Zombie: A Maldição dos Mortos-Vivos (1978)
Se tentou outros caminhos, Romero nunca conseguiu replicar o êxito comercial do primeiro filme de zombies. E assim, dez anos depois, com o patrocínio activo de Dario Argento (então no auge como “mestre do giallo”) e um orçamento 15 vezes superior (um milhão e meio de dólares), voltou ao assunto, efectivamente transformando os “mortos” numa série. Em parte um remake, numa escala mais vasta (a todos os níveis), do primeiro filme, Dawn of the Dead deixava claro o interesse de Romero: os zombies são o fenómeno, mais ou menos abstracto, que conduz a sociedade a um ponto de ruptura.
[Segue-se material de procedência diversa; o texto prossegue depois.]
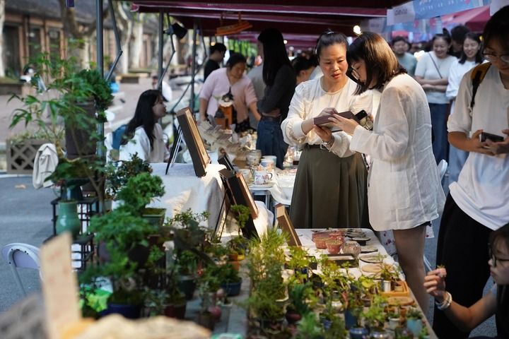 2024年10月,游客在陶溪川春秋大集上選購(gòu)創(chuàng)意瓷器。新華社記者 周密 攝

E esse ponto de ruptura (sobretudo nas suas implicações políticas) é o que ele quer mesmo filmar.
Atracção Diabólica (1988)
Outro desvio da temática zombie, para uma “experiência” de medo que está algures entre Hitchcock (o protagonista, como o James Stewart da Janela Indiscreta, está confinado a uma cadeira de rodas) e a brusquidão dos Contos do Imprevisto, de Roald Dahl. O título português escolheu a palavra “atracção”, então muito em voga por causa da Atracção Fatal, de Adrian Lyne. Mas é mesmo isso: a perturbantíssima história de uma macaca desenvolvida em laboratório e da sua “atracção”, ciumenta, possessiva e assassina, pelo protagonista quadriplégico. Um filme dum arrojo quase inacreditável, numa atmosfera fria como um pesadelo.
Diário dos Mortos (2007)
Com os “mortos” transformados no periódico “bilhete-postal” que Romero enviava dando conta das suas observações sobre o “estado do mundo” (e que em 2005 originara Terra dos Mortos, o mais carpenteriano dos Romeros), Diário dos Mortos actualizava a saga para o tempo da Internet e do YouTube. O filme construía-se assim, num feixe de imagens colhidas nas mais diversas fontes, como uma recolha de imagens de telemóvel ou de câmaras de segurança, e os zombies já importavam menos do que o retrato de um mundo assim “atomizado” pela enxurrada de imagens, onde cada um transporta, no seu telemóvel, a sua “verdade” (ou as suas “fake news”), e todo e qualquer sentido “comunitário” está corroído à partida. Quase paródico, mas de uma presciência que é, hoje, mais evidente do que há dez anos.